Во всяком случае, Майкову и "Антихристу" Ренана я обязан тем, что лет в тридцать потянуло меня к изучению классического Рима, и в частности эпохи Нерона, которою Майков вдохновлялся в течение сорока лет ("Олинф и Эсфирь" - в 40-х годах, "Три смерти" (1852), "Смерть Люция" в 60-х, первая редакция "Двух миров" - 1872 год, вторая и окончательная - 1881). Правда, изучение, под книжным и живым влиянием Моммсена, быстро привело меня к отрицанию и музейно-статуарного Рима Майкова, и оперно-романтического Рима Ренана, из которого тем временем успел родиться еще балетно-кинематографический Рим Сенкевича. Но толчок-то последовал все-таки оттуда. И если "Зверь из бездны" обратился в излюбленный труд моей жизни, после того, как я, воспитанник толстовского классического застенка, в течение пятнадцати лет не мог видеть без отвращения латинской и греческой книги, - как знать? Возможно, что это пустило поздние ростки семя, заглохшее под мусором отвратительной школы, но зароненное еще в детскую душу меднозвучною декламацией поэта "Двух миров".

Драматическая поэма эта, кажется, никогда не была поставлена на сцене в больших публичных театрах. Одно время покойный А.С. Суворин искал для своего театра пьесы из античных нравов. Я советовал ему "Два мира".

-- Цензура не разрешает.

-- Почему?

-- Там катакомбы и служат заутреню. - Так вы поставьте первую редакцию: там нет ни катакомб, ни заутрени, а пьеса от того только выигрывает и в быстроте действия, и в историческом правдоподобии...

-- Да, но там нет и "двух миров", а, собственно говоря, только один языческий... Язычников-то Аполлон Николаевич написал интересно, но христиане его - прокислые идиоты какие-то, собственно говоря, сущее...

Последовало излюбленное суворинское выражение a la Cambronne К сожалению, если отзыв Суворина слишком груб, то не совершенно несправедлив. Катакомбным эпизодом с неукротимым многоглаголанием христиан в стихах, просящихся под старую лукавую стрелу Пушкина: "Что, если это проза, да и дурная!", - Майков перегрузил и испортил поэму, похоронив ее прежнюю яркость в скучных резонерских длиннотах и условных мелодраматических ситуациях. Когда-то я посвятил его ошибочной работе подробный разбор ("Майков и катакомбы") в "Историческом вестнике" С.Н. Шубинского. (Вошел в мои "Антики" и отчасти в 4-й том "Зверя из бездны".)

В первой редакции "Два мира" шли, и превосходно, закрытым спектаклем в Москве на домашней сцене покойного СИ. Мамонтова.
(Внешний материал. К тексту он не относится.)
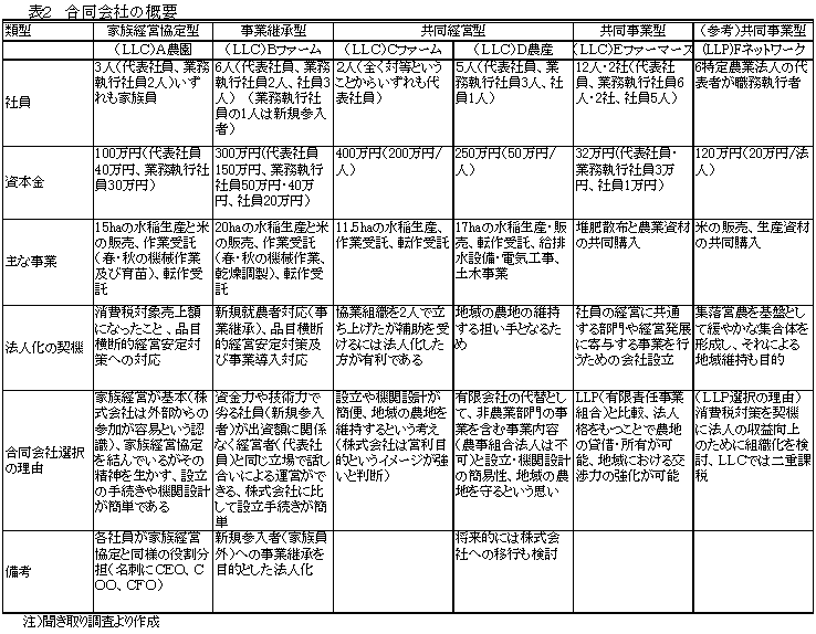 設立された合同会社は、家族経営協定の内容を定款に生かした家族経営協定型の合同会社(A農園)、新規参入者への事業継承を予定した事業継承型の合同会社(Bファーム)、複数の経営からなる共同経営型の合同会社(Cファーム、D農産)、構成員の経営発展を目的に一部分のみを事業化した共同事業型(Eファーマーズ)の合同会社など多様なタイプに区分できる。 |

Декорации для этого спектакля писал и костюмы сочинял Поленов. Его этюды вошли в великолепное и чрезвычайно редкое издание, любительское издание мамонтовского художественного альбома. А какая там чудесная "Снегурочка" Виктора Васнецова! какой Врубель!.. Только недавно, полюбовавшись ими в последний раз, отправил я с горестью свой экземпляр в Прагу, - продал чешскому Министерству народного просвещения. Право, руку не руку, а мизинец отрезать было бы легче... Да столько утрат, что мизинцев не напасешься. Притом же за них не платят.

Из отшедших ныне в другой мир Майков был первым поэтом, которого я встретил на своем жизненном пути, а Н.С. Гумилев последним. Внешнего сходства между ними не было: напротив, антиподы. Но внутренним обликом "сверхчеловек белокурой расы" Гумилев и черненький олимпиец Майков - близкие и родные: дед и внук. Mutatis mutandis (с учетом изменений (лат.)) в эпохе и поколении, оба они преемственные жрецы одного и того же храма, священнодейцы и мистагоги одного и того же культа и ордена. Разные мотивы и формы творчества, но то же мастерство, та же строгая размеренность вдохновения, - Пегас на крепкой узде! - та же рассудочность средств, та же осторожная смелость образов ("семь раз отмеряй, один отрежь") и тот же, при совершенном изяществе, несколько ремесленный холод. Как Майков, так и Гумилев принадлежали к типу благородных аристократических поэтов, неохотно спускающихся с неба на землю, от идеала к факту, упорно стоящих за свою привилегию "вещей" - глаголать языком богов. Пушкин рассказывает о ком-то из своих сверстников, кажется о Дельвиге, что тот гордо хвалился: "В стихах моих может найтись бессмыслица, но проза - никогда!" Рассудочная поверка своих вдохновений счастливо избавляла и Майкова и Гумилева (как и Дельвига) от бессмыслицы, но думаю, что оба они тоже охотно приняли бы Дельвигову характеристику и для себя. Но никогда не согласились бы с другим афоризмом того же Дельвига, что "чем ближе к небу, тем холоднее". Оба - и Майков (потомок Нила Сорского), и Гумилев (по фамилии явно семинарского происхождения, дворянин из недавних, по всей вероятности, нашего, "колокольного" родословия) - были чрезвычайно религиозные люди, православные строго византийского чина. Оба - твердые, убежденные монархисты, откровенные сторонники самодержавия. Скажут: "Но Гумилев был авантюрист, влюбленный в экзотические приключения, тогда как Майков - образец уравновешенного петербуржца-бюрократа, очень добросовестный и аккуратный чиновник в комитете иностранной цензуры..."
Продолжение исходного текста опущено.